At issue: whether they intentionally provided false information about the size of AIG's loses in the mortgage-backed securities market to the public and auditors.

"They would look at the email traffic to try and see who was saying what to whom," said John Laperla, a former fraud investigator for the U.S. Postal Inspection Service.

"The criminality would be if someone willfully intended to basically put in false information and ultimately defraud the general public and the stockholder," Laperla said.

CBS News has learned investigators are honing in on statements like one in a September 30, 2007, quarterly report, where potential accounting losses tied to its Cassano's unit, known as AIGFP, were $352 million. And the company said it was "highly unlikely..{it} will be required to make payments." To clients, it was an indication the company was saying it was healthier than it actually was.

Also under scrutiny is a November 7 press release where AIGFP upped that potential accounting loss to $550 million.

But by the end of the year the potential losses became real and devastating, ballooning to more than $11.5 billion.

"That's a significant red flag," said Patricia Pileggi, a former federal prosecutor. "I mean a jump like that in three months raises real questions."

In a statement AIG told CBS News: "To date, neither AIG nor AIGFP is aware of any fraud or malfeasance in connection with the underwriting and creation of the multi-sector CDS portfolio, as opposed to what, with hindsight, turned out to be bad business decisions. AIG and AIGFP are, however, aware of ongoing investigations by the Department of Justice and the SEC with respect to the subsequent valuation of the multi-sector CDS portfolio under fair value accounting rules and related disclosures. We have cooperated fully with these investigations and will continue to do so."

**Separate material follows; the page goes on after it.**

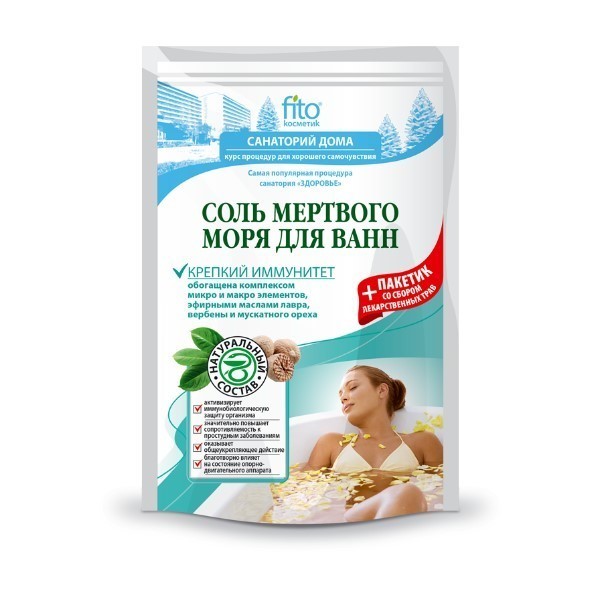 Sól do kąpieli z Morza Martwego niesamowicie wzmacnia odporność organizmu dzięki zawartemu w składzie bogatemu kompleksowi mikro- i makroelementów oraz olejkom eterycznym z liści laurowych, werbeny i gałki muszkatołowej.

A senior AIG official told us: "Everyone at the corporate office was stunned when the problems with valuing the CDS portfolio came to light in February of 2008. It became clear immediately that the potential losses on the swaps were far greater than anyone imagined. That's when (Martin) Sullivan asked (Joseph) Cassano to resign."

Through their attorneys for both Cassano and Forester declined comment on our story. Athan's attorney said his client arrived at AIGFP after it "sustained substantial losses" and was working "to help minimize the continuing risk."

And now CBS News has learned that Athan and Forster pocketed bonuses paid out by AIG just two months ago - in the midst of a federal investigation. Sources say they are now negotiating a way to pay them back.